Saved entries
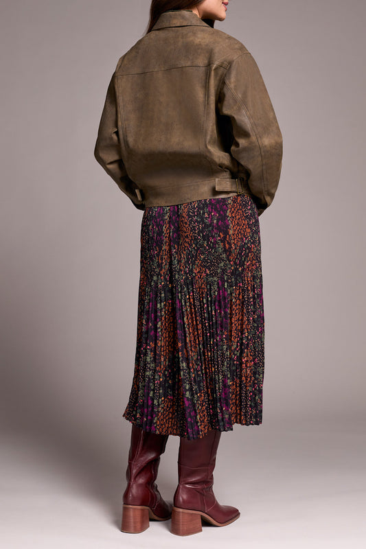 Print Pleat Skirt With Slit
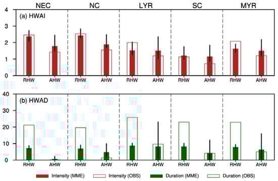 Regional mean heatwave indicators of each sub-region for the present-day: (a) HWAI (°C) and (b) HWAD (days). RHW and AHW represent the results calculated by the relative and absolute thresholds, respectively. Colored and white bars represent the MMEs and observations. The perpendicular black lines at the top of the bars represent the variation between the 10th and 90th percentiles of the multi-model ensemble. NEC, NC, LYR, SC and MYR denote Northeast China, North China, Lower Yangtze River, South China and Middle Yangtze River, respectively.
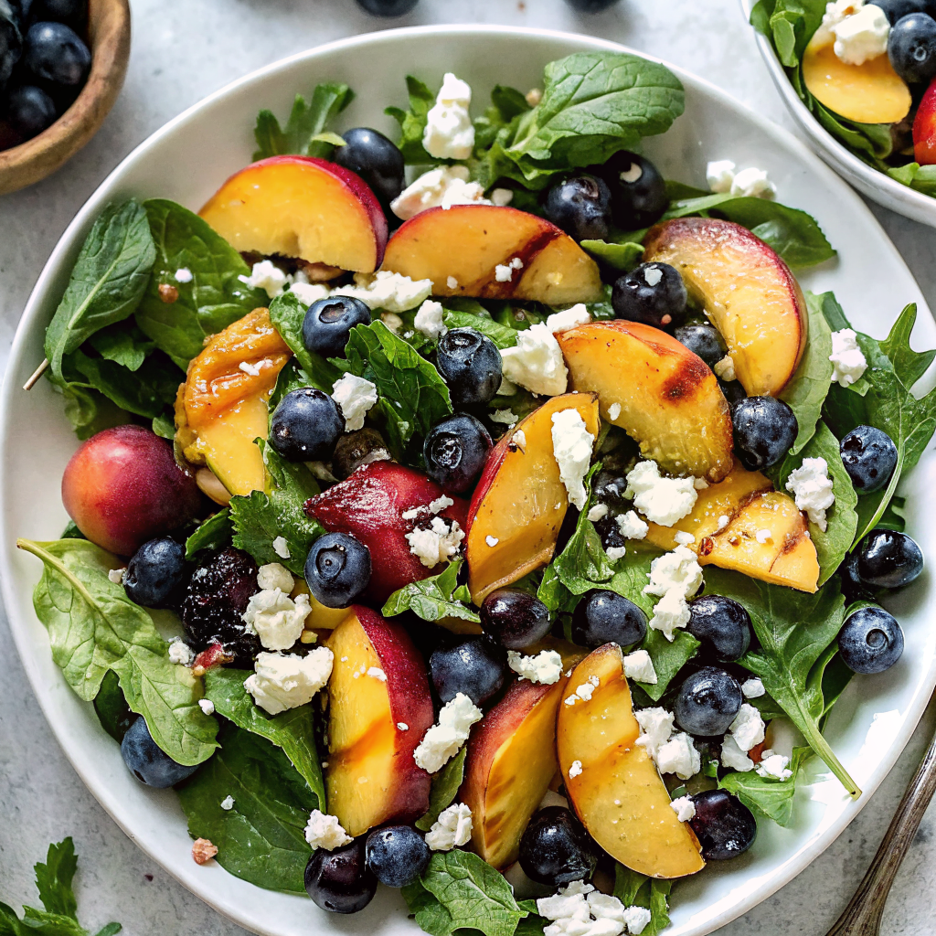 The beauty of this salad lies in its simplicity and the way each ingredient enhances the others. The natural sweetness of ripe peaches provides a perfect counterpoint to the briny richness of feta cheese, while fresh blueberries add bursts of tartness and color. Mixed greens create a fresh foundation, and the honey balsamic dressing ties everything together with its perfect balance of sweet and tangy notes.
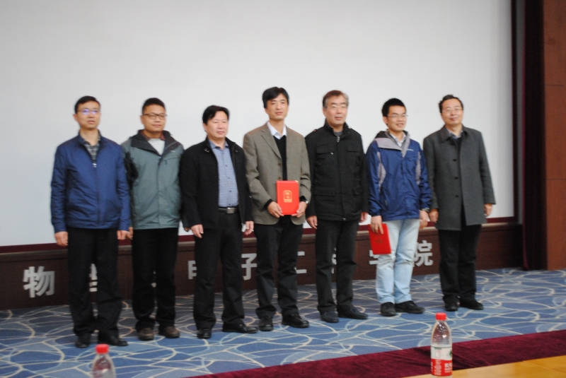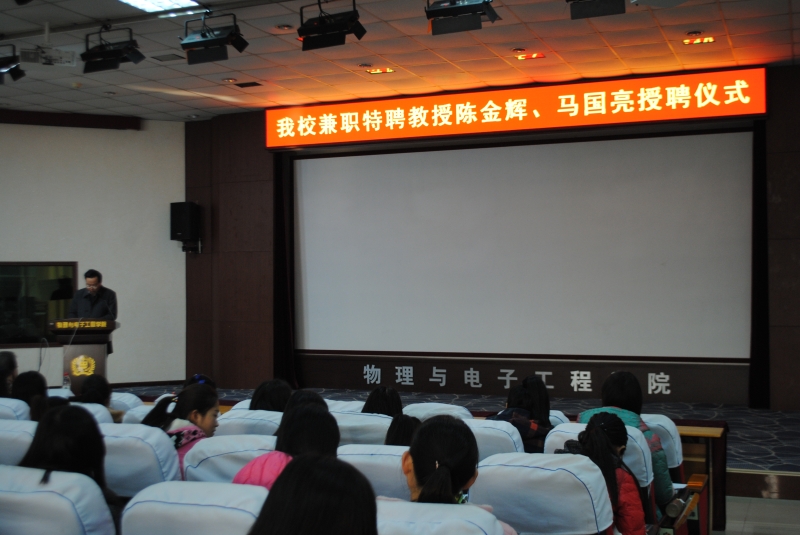 由于陈金辉、马国亮研究员取得了优异的科研成果,被我校聘为兼职特聘教授,副校长孙先科教授为他们颁发了聘书。孙校长在致词中表示热烈欢迎两位教授加入物理与材料科学学院,并对物理与材料科学学院表示祝贺。
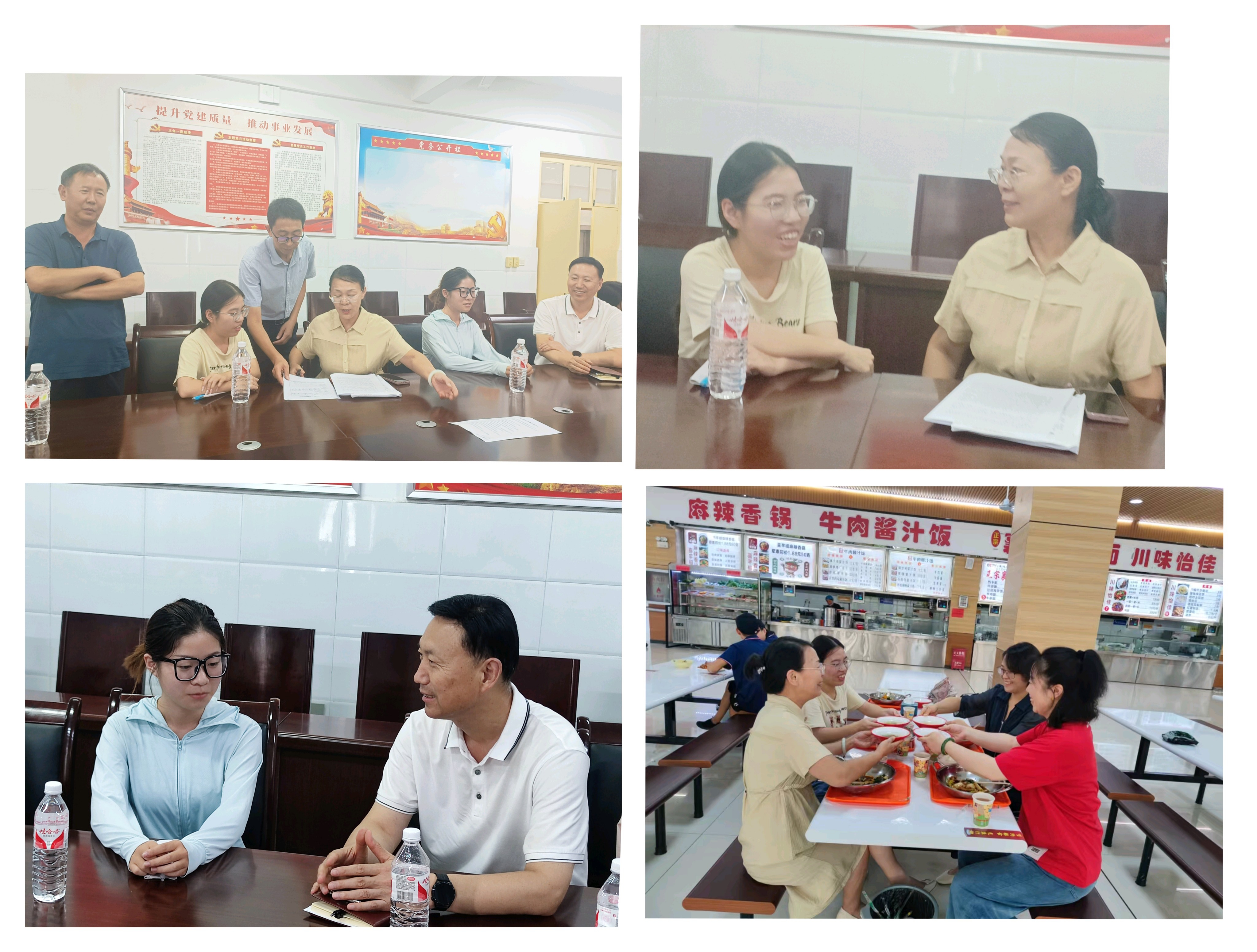 会后,“三个联系”第五工作组联系同志分别与专业带头人、联系学生见面,亲切交流。午间,杜晓平与专业带头人、联系学生在学生食堂一起就餐。(编审李峰松)
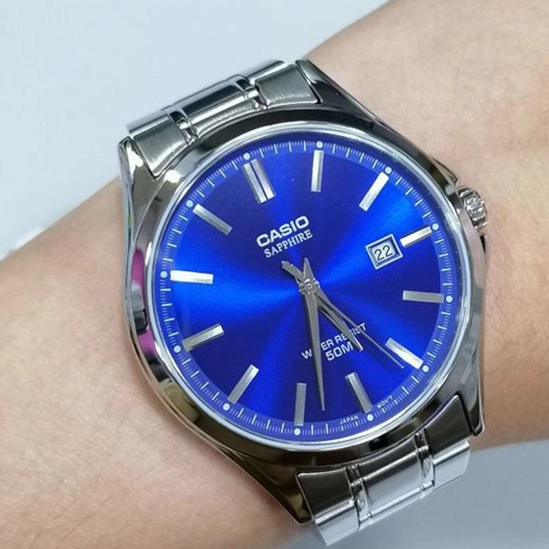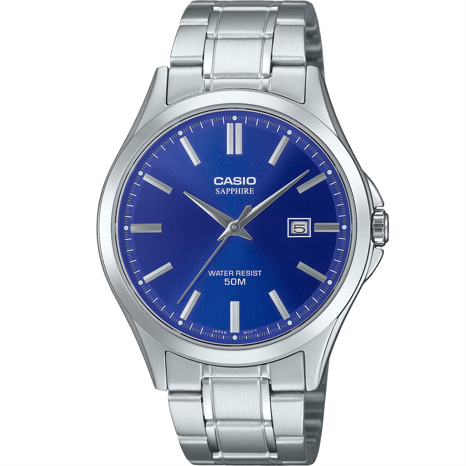 ساعت مچی مردانه کاسیو casio با طراحی روزانه بند استیل با قاب گرد استیل و صفحه گرد سرمه ای با شیشه ضد خراش و قابلیت داشتن تقویم و موتور ژاپنی با انرژی باتری و مقاوم در برابر آب تا عمق 50 متر به همراه گارانتی بین المللی
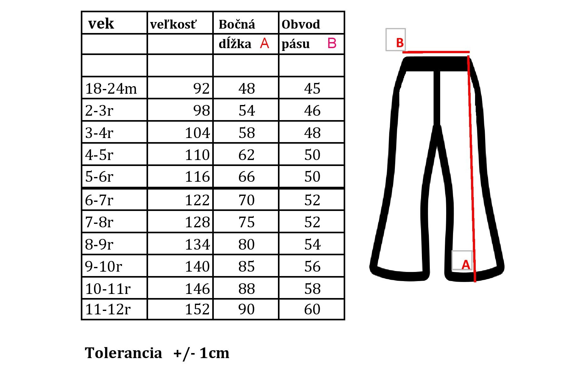 VEĽKOSTNÁ TABUĽKA:
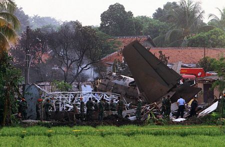 Chiếc máy bay Fokker 27 của quân đội Indonesia đă đâm xuống khu dân cư Rajawali gần sân bay quân sự Halim Perdanakusuma ở phía đông thủ đô Jakarta lúc 14h45 giờ địa phương.

## Exercise prompt
Please copy the data above exactly; the pictures do not belong in the copy.

## Answer to the problem
 Print Pleat Skirt With Slit
 Regional mean heatwave indicators of each sub-region for the present-day: (a) HWAI (°C) and (b) HWAD (days). RHW and AHW represent the results calculated by the relative and absolute thresholds, respectively. Colored and white bars represent the MMEs and observations. The perpendicular black lines at the top of the bars represent the variation between the 10th and 90th percentiles of the multi-model ensemble. NEC, NC, LYR, SC and MYR denote Northeast China, North China, Lower Yangtze River, South China and Middle Yangtze River, respectively.
 The beauty of this salad lies in its simplicity and the way each ingredient enhances the others. The natural sweetness of ripe peaches provides a perfect counterpoint to the briny richness of feta cheese, while fresh blueberries add bursts of tartness and color. Mixed greens create a fresh foundation, and the honey balsamic dressing ties everything together with its perfect balance of sweet and tangy notes.
 由于陈金辉、马国亮研究员取得了优异的科研成果,被我校聘为兼职特聘教授,副校长孙先科教授为他们颁发了聘书。孙校长在致词中表示热烈欢迎两位教授加入物理与材料科学学院,并对物理与材料科学学院表示祝贺。
 会后,“三个联系”第五工作组联系同志分别与专业带头人、联系学生见面,亲切交流。午间,杜晓平与专业带头人、联系学生在学生食堂一起就餐。(编审李峰松)
 ساعت مچی مردانه کاسیو casio با طراحی روزانه بند استیل با قاب گرد استیل و صفحه گرد سرمه ای با شیشه ضد خراش و قابلیت داشتن تقویم و موتور ژاپنی با انرژی باتری و مقاوم در برابر آب تا عمق 50 متر به همراه گارانتی بین المللی
 VEĽKOSTNÁ TABUĽKA:
 Chiếc máy bay Fokker 27 của quân đội Indonesia đă đâm xuống khu dân cư Rajawali gần sân bay quân sự Halim Perdanakusuma ở phía đông thủ đô Jakarta lúc 14h45 giờ địa phương.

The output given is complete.